The bearish camp believes traders are abandoning the network, while the bullish side offers alternative explanations.
Solana DEX Traders Fall 90%
Data from Dune indicates that the daily number of DEX traders on Solana has dropped from over 8 million in October last year to below 1 million at press time.
The chart illustrates a nearly year-long, continuous 90% decline. It suggests that traders have left and no longer find opportunities for profit on the network.

“Everyone left the casino or lost it all. Insane chart,” investor Qwerty commented.
Logically, fewer traders should result in lower trading volume due to fewer participants. However, data from DefiLlama shows that Solana’s daily DEX trading volume has remained steady between $3 billion and $5 billion. This discrepancy has fueled suspicions about the dominance of trading bots on Solana.
“Looking at volume is way more misleading when we all know how many farms + volume bots are happening 24/7. Number of active traders falling off a cliff is horrible and can be felt even without a chart if you’re here every day,” investor NoCapMat.eth remarked.

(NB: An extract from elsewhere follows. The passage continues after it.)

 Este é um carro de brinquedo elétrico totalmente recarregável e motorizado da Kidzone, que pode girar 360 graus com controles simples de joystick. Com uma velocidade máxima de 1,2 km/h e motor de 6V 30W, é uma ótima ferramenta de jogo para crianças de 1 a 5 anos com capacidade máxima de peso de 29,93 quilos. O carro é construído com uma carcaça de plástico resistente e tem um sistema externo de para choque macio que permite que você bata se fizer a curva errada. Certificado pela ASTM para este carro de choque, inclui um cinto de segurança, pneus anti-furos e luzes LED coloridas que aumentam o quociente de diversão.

According to CoinGecko, the year-to-date performance of top meme coins on Solana is negative. Despite having the highest liquidity, these tokens have all posted losses ranging from 10% to 70%.

Analysts explain that traders have lost interest in meme trading on Solana following the launch of tokens such as TRUMP, MELANIA, LIBRA, and YZY. These tokens once sparked hype but later ended in rug pulls and mistrust, driving retail users to other chains or forcing them to exit altogether.

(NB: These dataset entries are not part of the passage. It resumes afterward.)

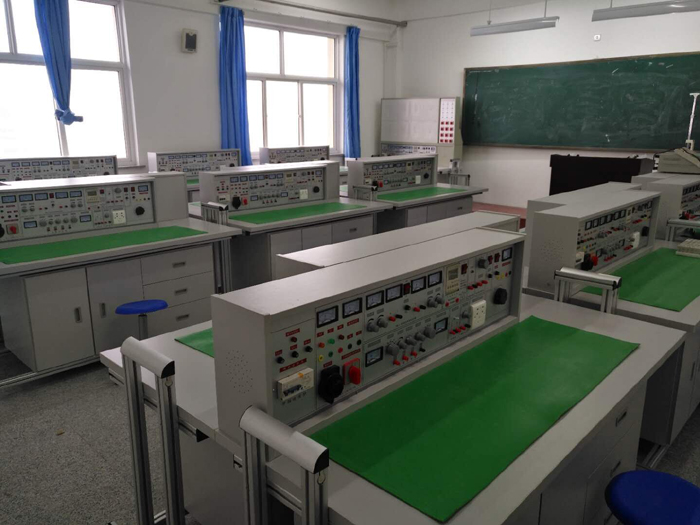 1、實驗操作桌:12張,一桌二座,操作桌桌面中央設置九孔通用繼電控制實訓插板(尺寸:45×70cm),繼電控制實訓根據(jù)電路要求插上電氣元件,布線實驗。元器件已裝在特制元件盒上,實驗時插在通用底板上就能連續(xù)實訓,方便、靈活。每張操作桌配有一塊膠皮板,保護插板和桌面(如需要在桌上放置電動機、焊接、放重物等)。
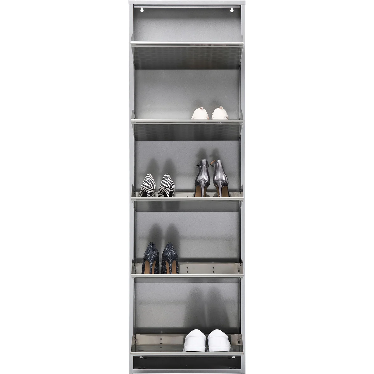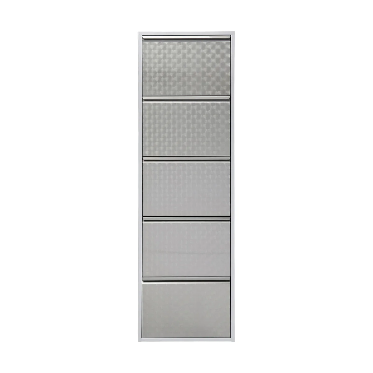 Introducing the Caruso 5 Shoe Container in a stylish silver brushed steel finish. With its sleek design and superior functionality, it's the perfect addition to any modern home.
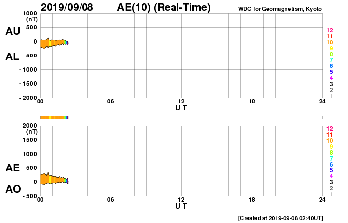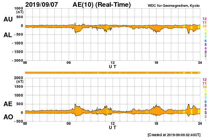 (c) SDO (NASA) ![]() SDO衛星による太陽の可視光写真 (c) SDO (NASA) ![]() DSCOVRが観測した太陽風の磁場(1番上の枠、黒線は全体の強度、赤線は南北成分) および、太陽風の密度(3番目の紫線)、速度(4番目の青線) (c) データ:NOAA/SWPC、作図:宇宙天気ニュース ![]() AE指数(速報値) 下段のAEグラフの値が高くなると、オーロラ活動が活発化しています。 (c) 京都大学WDC ![]() ![]() 27日の太陽周期に合わせたデータプロット 太陽が同じ面を地球に向けていた27日前の変化から、今後を予想することができます。 (c) 作図:宇宙天気ニュース

Another Explanation for the Exit of 7 Million Solana Wallets
However, bullish analysts argue that the sharp drop on the chart above could signal a bottom before a recovery, based on personal experience.
From a more positive perspective, some analysts suggest that the seven million-wallet drop may reflect the removal of bots rather than real users. They explain that bots inflated Solana’s past metrics. Now that bot addresses are unprofitable, regular users have a fairer environment. Analysts see this as a healthy sign for long-term growth.

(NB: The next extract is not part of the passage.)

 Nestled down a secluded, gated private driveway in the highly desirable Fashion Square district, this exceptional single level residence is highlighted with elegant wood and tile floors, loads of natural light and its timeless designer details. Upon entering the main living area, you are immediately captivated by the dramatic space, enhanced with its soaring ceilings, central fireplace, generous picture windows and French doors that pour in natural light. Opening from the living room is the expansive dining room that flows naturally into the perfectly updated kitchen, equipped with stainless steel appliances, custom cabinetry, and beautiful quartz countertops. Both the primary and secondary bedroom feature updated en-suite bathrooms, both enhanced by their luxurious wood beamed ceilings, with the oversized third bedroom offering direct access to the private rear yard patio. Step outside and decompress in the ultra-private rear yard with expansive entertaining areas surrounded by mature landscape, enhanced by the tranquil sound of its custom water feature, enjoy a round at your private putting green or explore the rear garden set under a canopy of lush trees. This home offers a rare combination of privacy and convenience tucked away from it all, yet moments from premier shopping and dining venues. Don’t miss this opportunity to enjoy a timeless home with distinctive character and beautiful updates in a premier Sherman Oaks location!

Additionally, Matthew Nay, an analyst at Messari, disputed the accuracy of the shocking data. He argued that Solana’s on-chain health remains stable.
“…It’s just wrong—transactions, fee payers, and signers are all flat (not down as much as that chart says),” Nay stated.
The debate over the truth behind Solana’s on-chain data continues, reflecting the complexity of the network’s internal dynamics. Meanwhile, Solana’s price (SOL) has risen 35% in August, trading above $210, with bullish sentiment still dominating the altcoin.